AAF to revolutionize regular-season overtime

AAF

In postseason play, the Alliance of American Football’s overtime procedures will match the NFL’s. In the regular season, the AAF’s overtime rules couldn’t be any more different.

The new league, which starts play this weekend, will consist of one round of first-and-goal opportunities from the 10. Each team gets a crack at scoring a touchdown, no field goals are permitted, and (as it will be for all AAF touchdowns) teams scoring touchdown may try two-point conversions only.

It’s a dramatic change, and it will result typically in much shorter extra sessions. But it also could result in plenty of ties.

If both teams fail to score a touchdown, tie. If both teams score a touchdown and convert the two-point conversion, tie. If both teams score a touchdown and fail to convert the two-point conversion, tie.

With only four games per week and 40 for the season, there may not be many overtime games at all. When they happen, they’ll be fascinating, they’ll move quickly, and they may leave that unsatisfying feeling of no one winning and no one losing far too often.

18 responses to “AAF to revolutionize regular-season overtime

  1. Still better than NFL rules. Why not just do it college-style. Keep going until someone wins. Tie after OT1? Go to commercial. Extra advertising revenue. Come back and do OT2. Keep going until someone is the winner. This seems pretty straight forward. Why doesn’t the NFL do it?

  2. This is the big solution? Are you serious? No Field goals at all? Is this bad reporting, bad grammar or a bad joke?

    No that’s only overtime.
    Many former NFL kickers are on rosters so there will be field goals in regulation.

  3. It really is a bit odd that a league that is trying very hard to eliminate the kickoff would start overtime periods with…a kickoff. It kinda does make morr sense to give each team direct possession in scoring range, as that has become more indicative of what the game is like nowadays than a kickoff.

  4. why change the rules in the playoffs from how you played the regular season? I understand it can’t end in a tie, but why completely change things? Just go until someone wins under the same rules as regular season OT. Matching the NFL OT rules is a fail.

  5. So this will benefit teams that are strong in red zone offense or defense. What about a team that allows a play here or there, but makes an offense string together enough plays to drive the length of the field.

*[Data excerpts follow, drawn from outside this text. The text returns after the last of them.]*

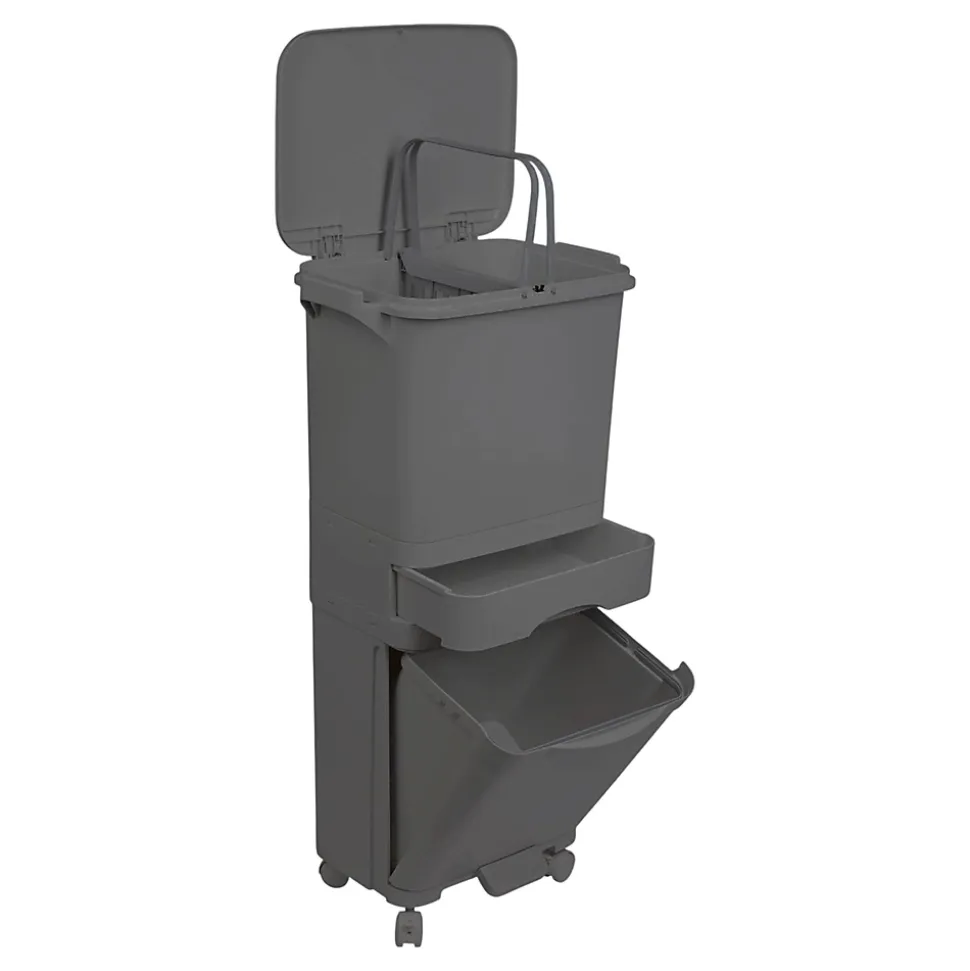Triple compartiment pour le tri sélectif, offrant trois compartiments distincts : un de 24 L, un de 4 L et un de 14 L, permettant de séparer facilement les différents types de déchets recyclables.Avec une grande capacité combinée de 42 litres, c’est la poubelle idéale pour un usage quotidien intensif tout en conservant un design compact.Séparation des déchets secs et humides. Ouverture en un clic. Robuste et durable.Molettes universelles incluses pour un déplacement facile. Système de pédale pour une ouverture simple et sans effort. Compartiments multifonctionnels pour une élimination facile des déchets.Met en place des crochets et des poignées latérales pour suspendre les sacs ou tenir la poubelle comme un chariot. Elle dispose également d’un tiroir intégré pour les petits accessoires ou les sacs poubelle.Avec ses dimensions compactes de 42 x 28,2 x 84 cm, elle est conçue pour s’intégrer parfaitement dans la poubelle et offre une grande capacité de rangement.
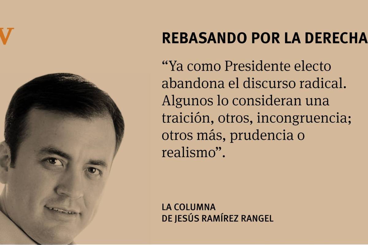 Ya como Presidente electo abandona el discurso radical. Algunos lo consideran una traición, otros, incongruencia; otros más, prudencia o realismo. Sea lo que fuere, se percibe un claro desplazamiento hacia el centro del espectro político e ideológico. Claras muestras de ello son sus nombramientos para el Banco de México, la Unidad de Inteligencia
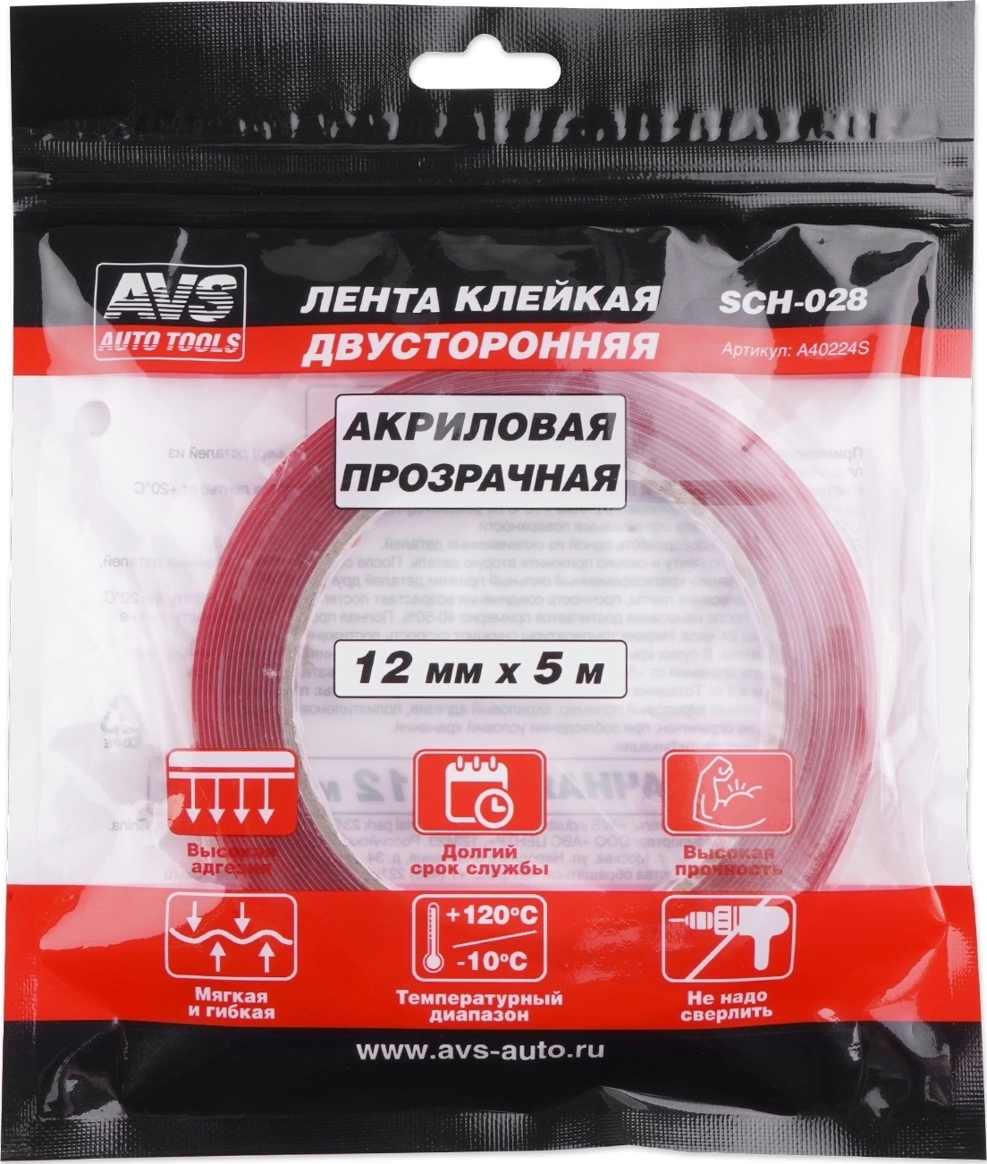 Лента клейкая двусторонняя AVS SCH-028 (1шт.) 12 mm x 5 m, толщина 1 мм, цвет прозрачный, акриловая основа
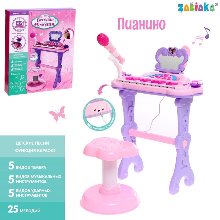 Пианино «Мечта девочки», со стульчиком, зеркалом, микрофоном
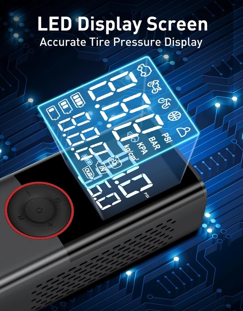 Technische Daten: Produktname: HELLOLEIBOO Luftpumpe Produktgewicht: Nur 403 g (Hauptgerät) Produktgröße: 13 cm × 6 cm × 4,5 cm Akkukapazität: 4000 mAh Leistung: 80 W Spannung: 7,4 V Anwendbar für: Autoreifen, Motorradreifen, Fahrradreifen, Bälle usw. Merkmale: - Lange Akkulaufzeit und starke Leistung: Der eingebaute 4000-mAh-Lithium-Akku mit hoher Kapazität bietet lang anhaltende Leistung für problemloses Aufpumpen mehrerer Reifen, ohne dass Sie sich um Stromausfälle sorgen müssen. - Klein und kompakt, leicht zu transportieren: Das elegante und kompakte Design passt problemlos in das Ablagefach Ihres Autos, spart Platz und ermöglicht Ihnen die bequeme und schnelle Verwendung bei Bedarf. - Schnelles Aufpumpen, zeit- und arbeitssparend: Der leistungsstarke Motor sorgt für schnelles Aufpumpen, wodurch lange Wartezeiten vermieden und Ihre wertvolle Zeit gespart werden. - Präzise Druckregelung, sicher und sorgenfrei: Der Luftdruck kann voreingestellt werden, und das Aufpumpen stoppt automatisch, wenn der eingestellte Druck erreicht ist. So wird das Risiko eines Überdrucks vermieden und Ihre Autoreifen geschützt. - Eine Maschine für mehrere Anwendungen, die verschiedene Anforderungen erfüllt: Geeignet nicht nur für Autoreifen, sondern auch zum Aufpumpen von Fahrrädern, Motorrädern, Bällen und mehr, für Ihre vielfältigen Aufpumpanforderungen. Technische Daten: - Produktname: HELLOLEIBOO Luftpumpe - Produktgewicht: Nur 403 g (Hauptgerät) - Produktgröße: 13 cm × 6 cm × 4,5 cm - Akkukapazität: 4000 mAh - Leistung: 80 W - Spannung: 7,4 V - Anwendbar für: Autoreifen, Motorradreifen, Fahrradreifen, Bälle usw. Hinweise: - Bitte lesen Sie die Produktanleitung vor Gebrauch sorgfältig durch. Bei Fragen zur Anwendung beachten Sie bitte die Produkthinweise. - Da es sich um eine manuelle Messung handelt, kann es zu Abweichungen von 1–2 cm kommen. Vielen Dank!

    It’s fine how it is. Scoring in football is predicated on gaining posession of the ball via turnover, kickoff, or punt and matriculating the ball down the field (see what I did there) and scoring. Don’t make one set of rules for 60 minutes and another set just so the football scribes don’t have to stay up late on an overtime game.

    I was a huge NASCAR fan until they started coming up with gimmicks to “fix” perceived weaknesses in the race that only the commentators were complaining about. Now I can’t even stomach watching the 500. Don’t do this to the NFL.

  6. Personally I would preferred 15 minutes play til regular Q, if the NFL doesnt want these to happy often then teams will try 2s to end the game or loss it more often.
    option2
    add a 3 point XP – kicker tries it from 70yard FG or team get 1 shot to score from the 25 and D gets an extra defender.

  7. I wouldn’t mind this if they just played until the tie was broken. College overtime does not seem to take too long.

  8. The college rules are good for college. Enjoy them there.
    The AFF has their rules. Let’s see how they work there.
    Why do people hate variation so?
    Let the NFL have theirs.

    Though overall I don’t like having a variation within the game itself. I’ll favor OT rules that mimic most closely with the rules of regulation.
    I don’t even like that rules change under 2 minutes.

    NFL teams make choices on how they build their team. Some styles have a disadvantage when each team starts drives in scoring position. Do we want all NFL teams built the same?

  9. suchapaindude says:
    February 8, 2019 at 4:54 pm

    The college rules are good for college. Enjoy them there.
    The AFF has their rules. Let’s see how they work there.
    Why do people hate variation so?
    Let the NFL have theirs.

    Though overall I don’t like having a variation within the game itself. I’ll favor OT rules that mimic most closely with the rules of regulation.
    I don’t even like that rules change under 2 minutes.

    NFL teams make choices on how they build their team. Some styles have a disadvantage when each team starts drives in scoring position. Do we want all NFL teams built the same?
    …………………………………

    Amen, I ddon’t like variation either and don’t recognize the game as it is today (though I enjoy it). Give me the rules of the Ice Bowl era … the same ones we used in schools.

  10. Actually this is not true. If the first possession by both teams doesn’t break the tie, a second possession for both teams is held, then a third, and so on, until there either is a winner or the clock runs out (not sure if it’s 10 minutes or 15), in which case the team that is ahead wins, even if the number of completed possessions each team has had was not the same – and only if the game is tied when the clock expires does the game end in a tie.